Something's in the air. Perhaps a whiff of French cooking. This month's issue of Food & Wine magazine is devoted to the new French Classics and the New York Times' food section featured the cookbook "La Cuisine de la Republique" with recipes from members of the French National Assembly. The book, authored by deputy Francoise Branget from the center-right of Sarkozy's party, was the finishing touch, or celebration really, of her campaign to unite the Left and Right in a national cause: the promotion of French gastronomy. And I quote (from the article by Elaine Sciolino), "Food is so much a part of France's identity that the government led a successful campaign last year to win United Nations recognition of the French meal as a national treasure." Can Italy be far behind?
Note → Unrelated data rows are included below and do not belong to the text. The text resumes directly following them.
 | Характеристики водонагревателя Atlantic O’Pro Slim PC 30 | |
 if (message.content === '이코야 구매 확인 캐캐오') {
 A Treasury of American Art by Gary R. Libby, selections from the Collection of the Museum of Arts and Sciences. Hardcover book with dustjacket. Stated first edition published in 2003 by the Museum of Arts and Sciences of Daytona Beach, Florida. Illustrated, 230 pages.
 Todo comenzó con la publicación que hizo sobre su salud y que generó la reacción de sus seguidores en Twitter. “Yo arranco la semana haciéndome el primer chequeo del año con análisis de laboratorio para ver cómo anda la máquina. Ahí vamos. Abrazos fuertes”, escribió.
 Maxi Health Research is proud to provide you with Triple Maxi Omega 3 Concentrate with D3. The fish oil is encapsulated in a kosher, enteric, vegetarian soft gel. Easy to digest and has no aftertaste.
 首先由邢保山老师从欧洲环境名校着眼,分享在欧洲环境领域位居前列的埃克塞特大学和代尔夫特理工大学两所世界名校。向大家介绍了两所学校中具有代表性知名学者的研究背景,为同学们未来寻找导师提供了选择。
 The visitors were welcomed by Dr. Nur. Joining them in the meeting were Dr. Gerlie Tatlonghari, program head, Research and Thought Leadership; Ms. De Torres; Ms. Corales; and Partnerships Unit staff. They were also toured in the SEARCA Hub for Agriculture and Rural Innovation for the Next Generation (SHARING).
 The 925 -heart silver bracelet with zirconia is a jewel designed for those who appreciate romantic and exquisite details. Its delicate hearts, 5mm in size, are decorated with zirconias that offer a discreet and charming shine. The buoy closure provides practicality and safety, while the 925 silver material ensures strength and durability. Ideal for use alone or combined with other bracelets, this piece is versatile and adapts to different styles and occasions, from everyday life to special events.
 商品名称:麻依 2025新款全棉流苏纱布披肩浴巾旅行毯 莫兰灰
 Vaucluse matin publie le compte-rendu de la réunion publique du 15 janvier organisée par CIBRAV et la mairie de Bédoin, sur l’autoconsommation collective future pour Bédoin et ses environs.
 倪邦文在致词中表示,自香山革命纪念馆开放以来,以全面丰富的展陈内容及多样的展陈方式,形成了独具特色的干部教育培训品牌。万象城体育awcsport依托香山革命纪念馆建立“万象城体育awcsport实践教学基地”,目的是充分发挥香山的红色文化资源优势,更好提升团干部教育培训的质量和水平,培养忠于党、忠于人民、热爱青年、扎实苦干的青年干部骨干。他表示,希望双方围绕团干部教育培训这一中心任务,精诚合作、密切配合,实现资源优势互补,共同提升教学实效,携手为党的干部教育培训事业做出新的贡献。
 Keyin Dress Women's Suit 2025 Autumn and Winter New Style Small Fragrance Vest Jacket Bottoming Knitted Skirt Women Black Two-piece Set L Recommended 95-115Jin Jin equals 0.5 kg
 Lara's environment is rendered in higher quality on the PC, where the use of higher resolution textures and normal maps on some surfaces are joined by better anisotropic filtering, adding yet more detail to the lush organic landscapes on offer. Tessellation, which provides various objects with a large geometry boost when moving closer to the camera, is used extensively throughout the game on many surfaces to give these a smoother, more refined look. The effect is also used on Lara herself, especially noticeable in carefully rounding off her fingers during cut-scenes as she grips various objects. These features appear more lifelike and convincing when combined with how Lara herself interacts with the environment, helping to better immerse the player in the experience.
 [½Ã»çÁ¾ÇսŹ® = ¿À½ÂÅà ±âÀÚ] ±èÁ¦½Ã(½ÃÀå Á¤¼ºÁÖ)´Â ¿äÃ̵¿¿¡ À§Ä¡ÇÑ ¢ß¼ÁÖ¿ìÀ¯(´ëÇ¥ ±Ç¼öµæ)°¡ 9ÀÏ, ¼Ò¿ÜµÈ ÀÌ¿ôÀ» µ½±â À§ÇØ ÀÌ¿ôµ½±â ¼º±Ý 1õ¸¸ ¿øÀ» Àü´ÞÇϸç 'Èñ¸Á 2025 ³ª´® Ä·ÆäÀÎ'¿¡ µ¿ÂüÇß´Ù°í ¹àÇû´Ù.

That said, many years ago I wrote an article called "So What's a French Restaurant, Anyway" for the Daily News. I will try to locate it but I remember how the semaphores of French cuisine were slowly vaporizing like the molecules of a slowly simmering stock. And yet today, there is a trickle of French-i-ness afoot. The prototypical La Mangeoire, under the direction of 4-star cooking maestro Christian Delouvrier, has just received a face lift, as has the four-star Le Bernardin, now designed by Bentel & Bentel. The original look by uber-designer Phil George, certainly stood the test of time and helped create the ambiance that became part of the restaurant's gestalt. I understand Mr. George just dined at Le Bernardin and gave a nod of approval to the new surroundings. He also said the food was very, very good, indeed.
Not long ago, we had the pleasure of dining at La Mangeoire and were greeted by a gentler, happier chef who no longer had to live up the exalted expectations of four-star dining. We were so pleased to eat mussels, great frites, and calves liver and be enchanted by chocolate mousse. Nowadays, I see the "comeback crepe," and on a bus, just today, passed by the ancient Les Sans Culottes from New York's theatre district, now on the East side. I never imagined the simple French concept could sustain itself all these years.
Although the "La Cuisine de la Republique" features some pretty remote recipes from little-known regions and lesser-known food stuffs (hare, pork head, and potatoes on a slice of pig skin), the sentiment that should unite our countries is sound. "It is our national responsibility to cook and to eat well." Viva la France.
To that end, I suggest you try my Almost-Confit Chicken from Radically Simple, or this radically simple cake "Gateau Creusois" from the New York Times. I will be making it this weekend. Might be nice with a pile of fresh raspberries or thinly sliced plums or peaches from the farmer's market. Not bad with a glass of cassis. Bon chance and bon appetit.
Gateau Creusois (adapted from Jean Auclais' in "La Cusine de la Republique" and from the New York Times, 9/14/11)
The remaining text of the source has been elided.